Sustainability is driving a fundamental ‘rebooting’ of the way businesses view what they are here for – what their purpose is. This overlap between sustainability and purpose – a topic that was also covered explicitly at the symposium – may be best approached by identifying ways that you can influence the world and then being specific about what that means and how it can be realised. Stakeholders are likely to be more interested in and engaged by the impact you have through your products and services than by the way you go about it.
Another theme to emerge from the discussion was the importance of education as part of succession planning. With sustainability growing in importance and relevance, the next generation of business leaders, themselves millennials, need to have a developed appreciation of what the businesses they are taking over are doing to become more sustainable. For some businesses, this equates to a specific education programme on responsible business ownership and the realignment of philanthropic activities with both sustainability and purpose.
Family business leaders are also keen to highlight the importance of building employee engagement with sustainability and, in particular, their philanthropic activities and how they align to the businesses’ values. This can help to build employee engagement, both with the cause and with the business itself, and also help to amplify the impact of philanthropic effort as employees undertake fundraising and volunteering activities in support of the businesses’ commitment.
For some this leads, perhaps inevitably, to the subject of impact investing – investing the family’s money in areas and initiatives that themselves have a positive impact on the world by focusing on environmental, social and governance issues.

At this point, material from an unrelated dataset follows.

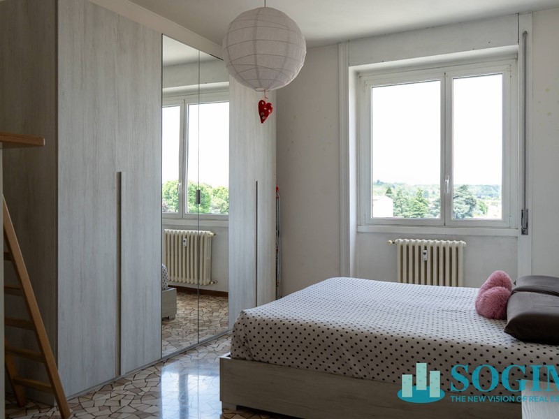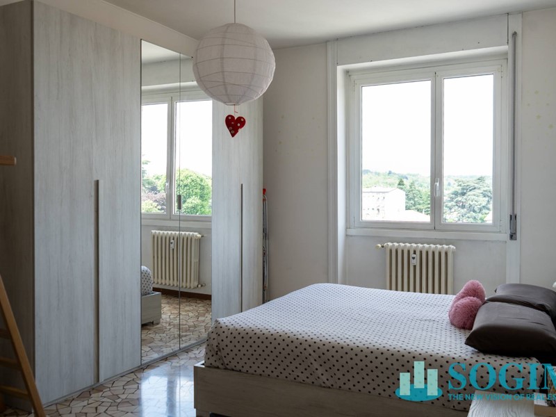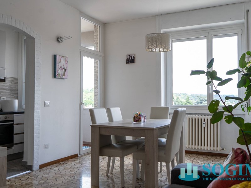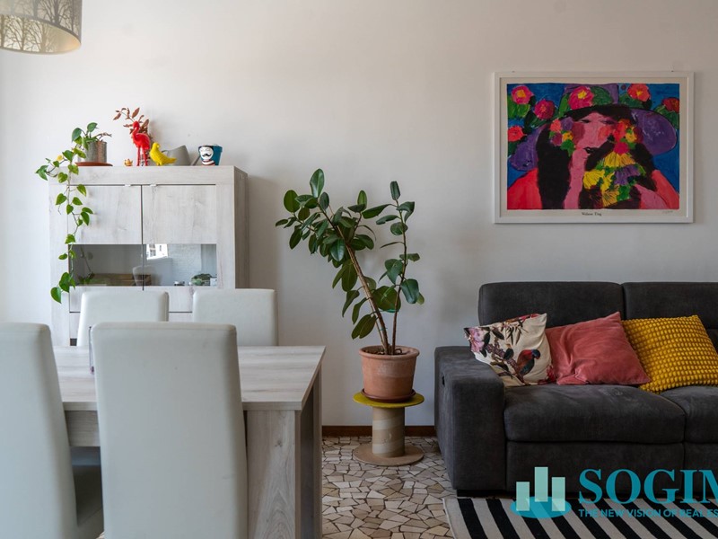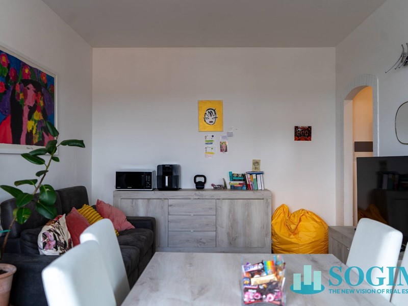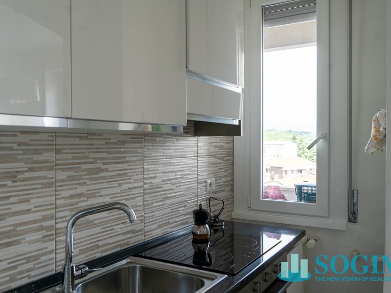 L'appartamento gode di un' esposizione nord-est ed è composto da un piccolo atrio di ingresso che permette di raggiungere il soggiorno, dotato di accesso al balconcino pertinenziale dal quale assaporare una gradevole vista sulla città, e l'angolo cottura che preserva una sua autonomia rispetto all'area living, conferendo all'abitazione carattere e una buona distribuzione degli spazi .

One conclusion is that sustainability may no longer be the right word to encapsulate this debate, given the multiplicity of meanings and associations it has acquired. If what we are talking about encompasses environmental impact, continuing to be attractive and relevant to a generation that regards responsible behaviour as natural or expected, and also preparing for generational change in ownership, perhaps we should be thinking in terms of resilience and durability instead.
As sustainability enters the mainstream and becomes ‘normal’, terms like this will give it a harder edge and more accurately reflect its existential relevance. Put simply, in the near future, when millennial concerns and behaviours dominate, businesses that fail to adapt to the sustainability imperative – that fail to hardwire sustainability in processes and behaviours – won’t be businesses for very long. If that sounds ominous, it should because it’s a challenge that is not going to go away. But, it should also be seen as an opportunity. Family business leaders that we have spoken to who have embraced sustainability have found it to be a galvanising force, engaging stakeholders and delivering satisfaction along with profit.